Problem requirements:
Repeat what the lines below say, word for word, and skip every image.

START Given information

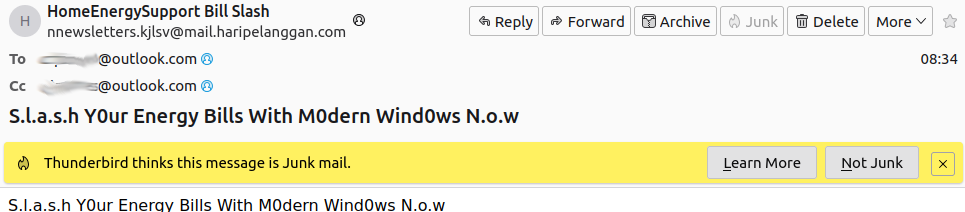 This mail has a yellow banner at the top stating "Thunderbird thinks this message is Junk mail".
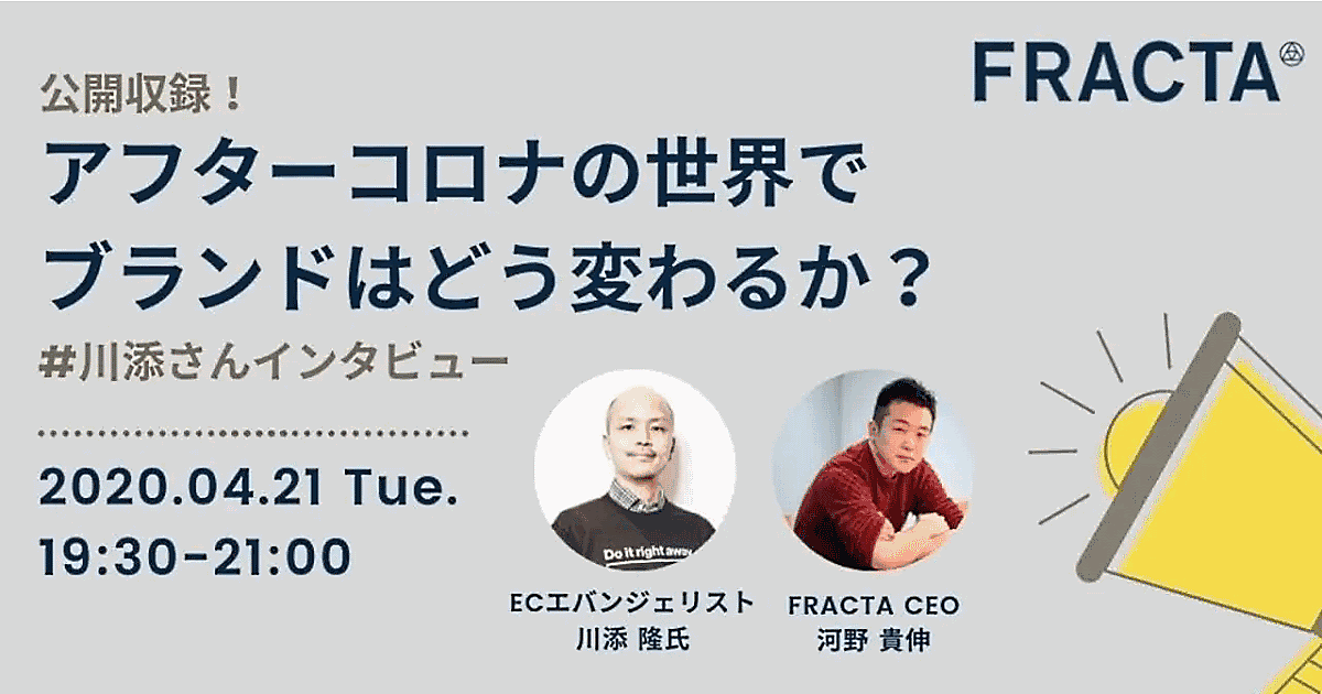 新型コロナウイルス感染下でビジネスを行うEC事業者などに向けて、ビジョナリーホールディングスの執行役員(デジタルエクスペリエンス事業本部本部長)でECエバンジェリストの川添隆氏に、フラクタの河野貴伸CEOが音声プラットフォームアプリ「stand.fm」を通じて公開インタビューを行う。
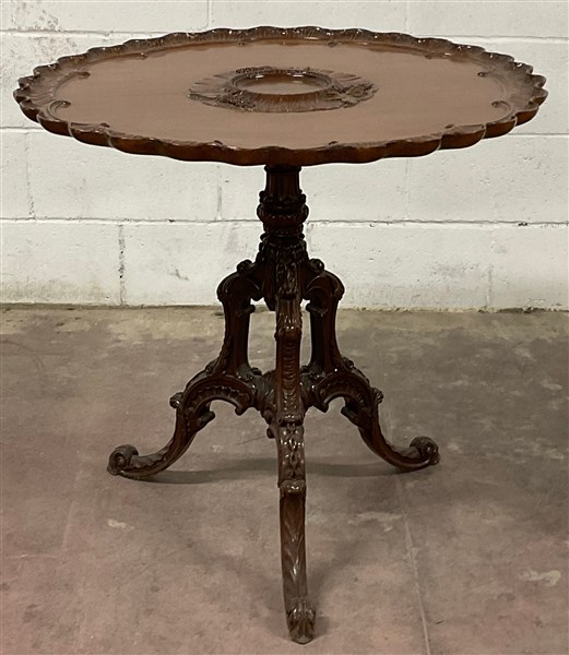 * Tavolino a vela di forma circolare, intagliato a volute, motivi fogliati e grappoli d'uva. Piano e base sagomati. Inghilterra secolo XIX. (d cm 74 h cm 74) (difetti)
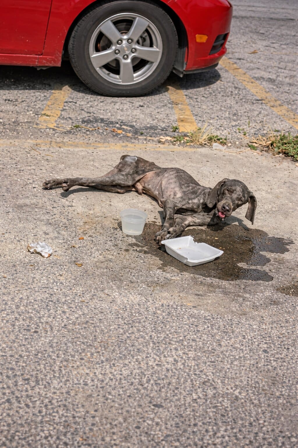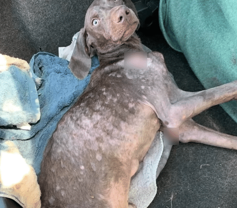 His body was severely underweight, every rib visible. His breathing came in shallow, uneven waves. One of his front legs was badly injured, bent unnaturally—making even the slightest movement nearly impossible.

END Given information

Answer to this exercise:
 This mail has a yellow banner at the top stating "Thunderbird thinks this message is Junk mail".
 新型コロナウイルス感染下でビジネスを行うEC事業者などに向けて、ビジョナリーホールディングスの執行役員(デジタルエクスペリエンス事業本部本部長)でECエバンジェリストの川添隆氏に、フラクタの河野貴伸CEOが音声プラットフォームアプリ「stand.fm」を通じて公開インタビューを行う。
 * Tavolino a vela di forma circolare, intagliato a volute, motivi fogliati e grappoli d'uva. Piano e base sagomati. Inghilterra secolo XIX. (d cm 74 h cm 74) (difetti)
 His body was severely underweight, every rib visible. His breathing came in shallow, uneven waves. One of his front legs was badly injured, bent unnaturally—making even the slightest movement nearly impossible.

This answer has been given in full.